__WHAT YOU SHOULD DO__
Set down the first line below and each line after it, ending with the one that holds "ホテル八乙女の玄関(エントラ". Pictures do not belong in the copy.

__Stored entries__
============================================================

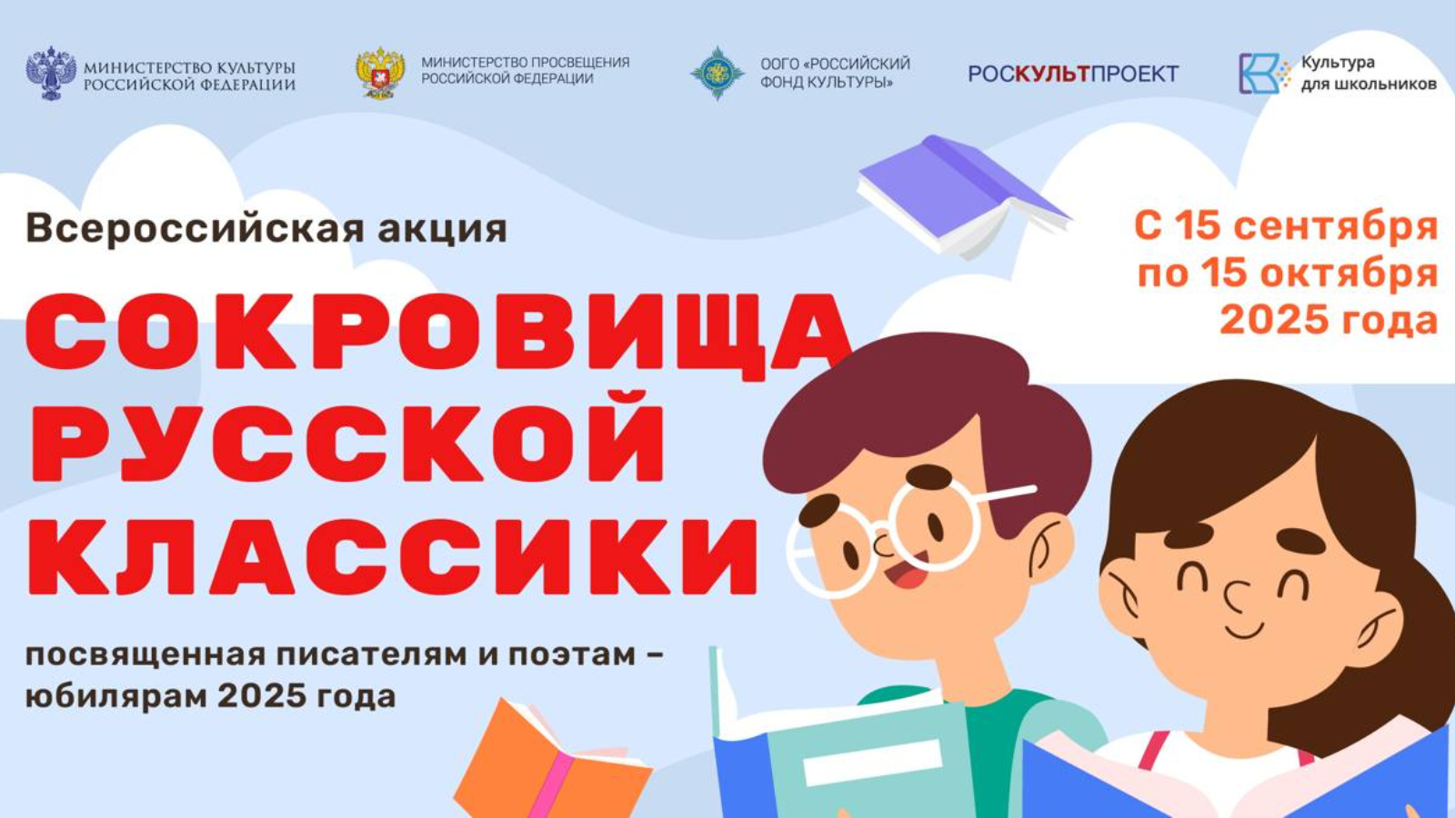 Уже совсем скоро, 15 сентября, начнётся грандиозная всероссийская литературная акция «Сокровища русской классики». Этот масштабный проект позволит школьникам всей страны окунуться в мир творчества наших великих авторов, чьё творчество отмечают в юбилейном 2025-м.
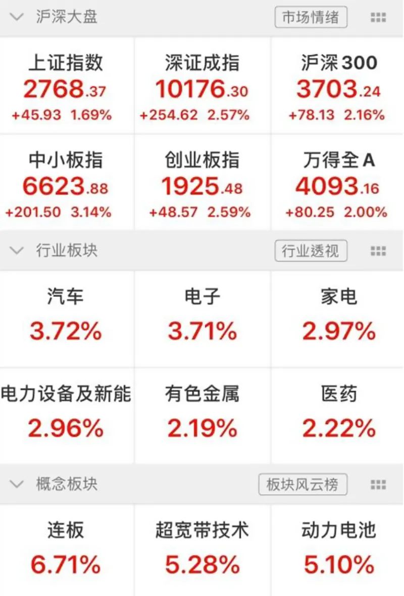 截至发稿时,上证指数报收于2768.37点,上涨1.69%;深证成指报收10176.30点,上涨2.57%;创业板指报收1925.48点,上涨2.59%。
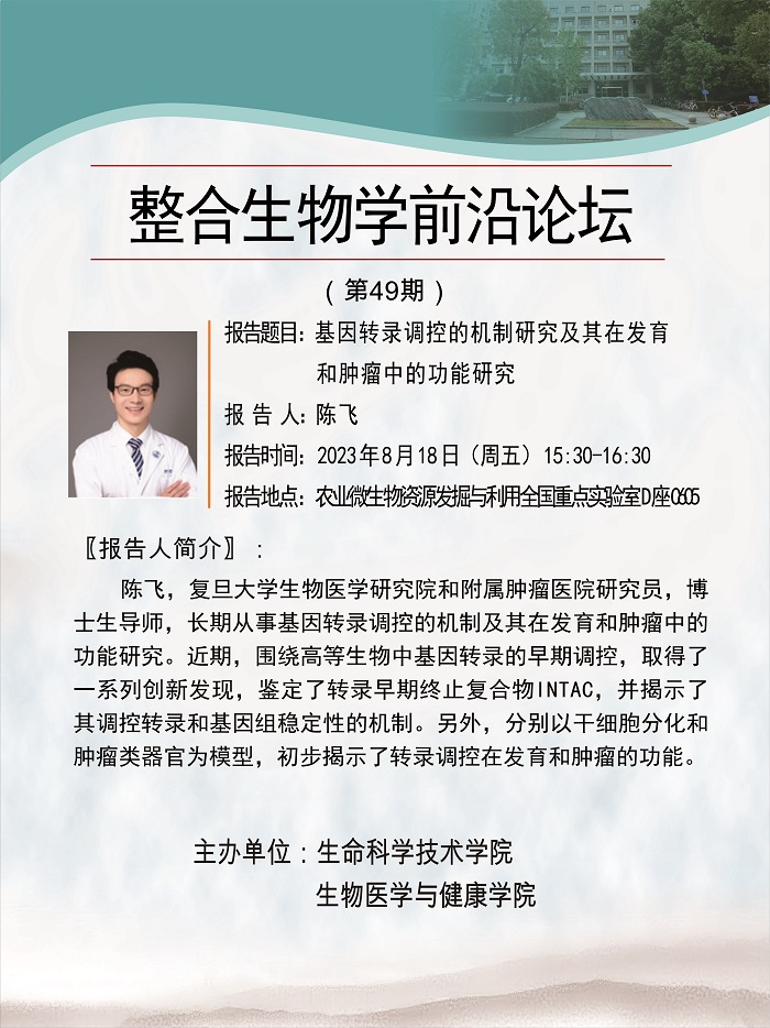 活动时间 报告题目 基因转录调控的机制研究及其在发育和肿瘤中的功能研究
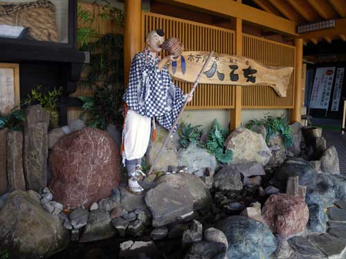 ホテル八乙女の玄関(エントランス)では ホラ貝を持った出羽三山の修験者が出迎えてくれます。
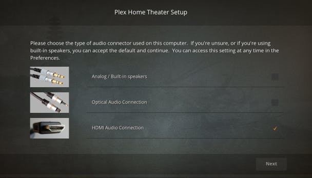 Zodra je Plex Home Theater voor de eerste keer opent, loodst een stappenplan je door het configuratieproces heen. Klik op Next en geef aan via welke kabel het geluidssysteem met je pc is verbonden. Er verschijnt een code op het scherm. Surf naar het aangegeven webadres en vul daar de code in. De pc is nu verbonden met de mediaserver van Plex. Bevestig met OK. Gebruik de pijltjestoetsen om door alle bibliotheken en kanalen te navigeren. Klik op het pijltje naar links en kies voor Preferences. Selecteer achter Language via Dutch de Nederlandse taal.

============================================================

__TASK RESPONSE__
 Уже совсем скоро, 15 сентября, начнётся грандиозная всероссийская литературная акция «Сокровища русской классики». Этот масштабный проект позволит школьникам всей страны окунуться в мир творчества наших великих авторов, чьё творчество отмечают в юбилейном 2025-м.
 截至发稿时,上证指数报收于2768.37点,上涨1.69%;深证成指报收10176.30点,上涨2.57%;创业板指报收1925.48点,上涨2.59%。
 活动时间 报告题目 基因转录调控的机制研究及其在发育和肿瘤中的功能研究
 ホテル八乙女の玄関(エントランス)では ホラ貝を持った出羽三山の修験者が出迎えてくれます。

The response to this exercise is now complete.